The Peculiar Case of Extensional Tectonics on Venus: Modes of RIfting and Activity

Venus’ geological history holds critical insights into why Venus and Earth, despite their similarities, have followed such divergent evolutionary paths. Recent discoveries have transformed the perception of Venus from a geologically inactive planet to a one characterized by active and diverse geological processes. Mantle convection, lithospheric delamination, and plume-lithosphere (have) create(d) a surface rich with tectonic and volcanic structures, despite the absence of plate tectonics today.

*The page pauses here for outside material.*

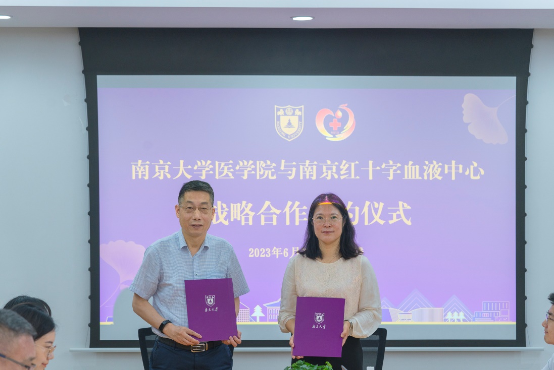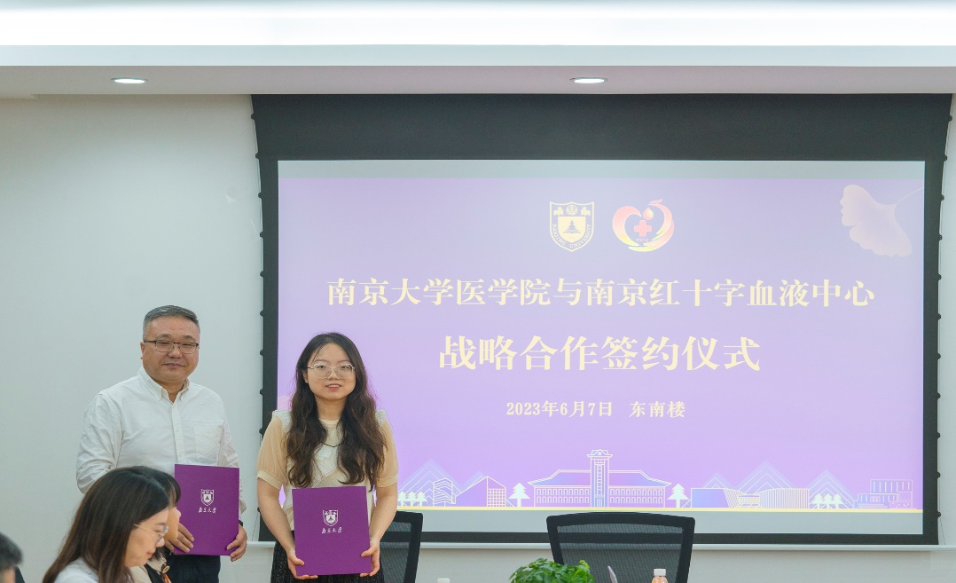 6月7日上午,在第20个世界献血者日即将到来之际,太阳成城集团tyc234cc古天乐与南京红十字血液中心相聚太阳成城集团tyc234cc古天乐鼓楼校区,共同举行战略合作协议签署仪式,深入学习贯彻党的二十大精神和习近平新时代中国特色社会主义思想主题教育,共同探索和完善高校无偿献血、卫生健康等领域的志愿服务模式,共商新征程上双方合作新目标新举措。太阳成城集团tyc234cc古天乐公司党委书记沈苏南、党委副书记王阿妮,南京红十字血液中心主任张春、副主任戴宇东以及双方相关工作人员和员工代表出席活动。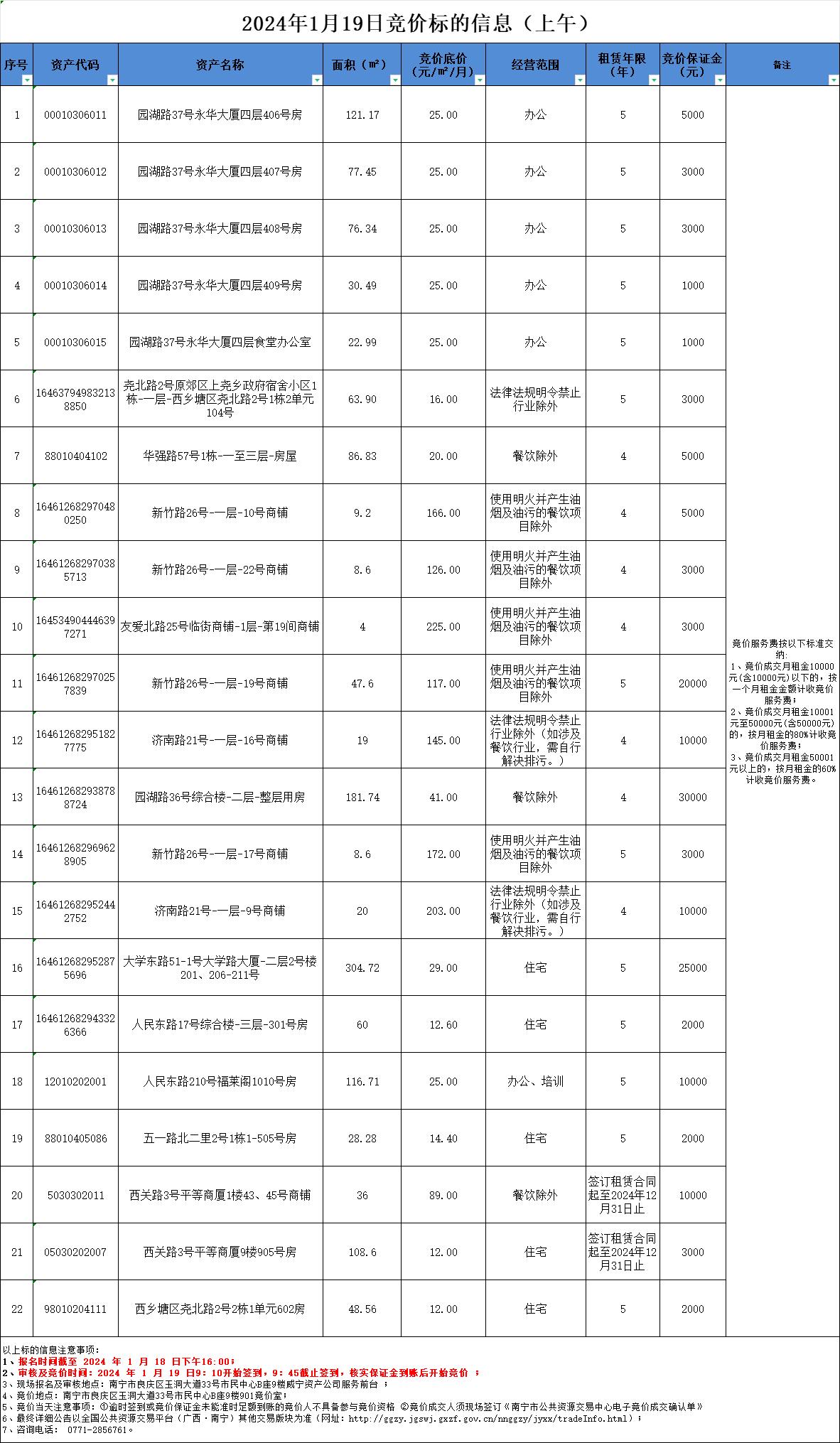 2024年1月19日竞价标的信息

Among the most striking tectonic features on Venus are the expansive extensional rift structures, or "chasmata", which can span up to 10,000 km in length and show both unique and familiar features relative to Earth’s extensional tectonics. Many of Venus' rifts exhibit intersecting branches, multiple troughs, and associations with coronae, which are often interpreted as small-scale mantle upwellings.

Here, we present the first 3D geodynamic models of rift tectonics on Venus. With models of uniformly, slowly extending lithosphere, we investigate the impact of crustal rheology (wet vs. dry diabase, i.e., weaker vs. stronger crust) and the thickness of the crust and lithosphere on rift geometry, topography, surface fracturing, and heat flow. We further explore interactions between evolving rift structures and thermal upwellings (plumes) and magmatic intrusions – considered key components of Venus’ geodynamic regime.

We find that rift morphology is highly sensitive to crustal rheology and lithospheric properties, with five modes of rift morphologies predicted: (1) narrow, (2) wide-valley, (3) wide-troughs, (4) multiple, and (5) branching; of which the latter three (see Figure) align most closely with Venus observations. We find that a dry diabase crust -- often assumed likely for Venus -- favors Venus-like rift patterns only when combined with a thin, warm lithosphere, leading to focused faulting and branching rift structures. In contrast, a weaker wet diabase crustal rheology results in broader, less pronounced deformation zones. Underplated thermal plumes induce lower-crustal intrusions and cause localized lithospheric weakening, narrowing the rift regionally.

Importantly, the results show that along-axis rift geometry variations, like multiple offsets and branching, can emerge even in symmetric, uni-axial extension settings. Moreover, the models indicate that if Venus' crust follows a dry diabase rheology, a significantly warm and thin lithosphere is required to reproduce observed rift characteristics. Through comparison to observations, we find that Venus rift morphologies are reproduced by various activity stages of model evolution, commonly under conditions of a thin lithosphere, which supports the possibility that Venus rifts are currently active.

This research was partially conducted at the Jet Propulsion Laboratory, California Institute of Technology, under contract (80NM0018D0004) with the National Aeronautics and Space Administration.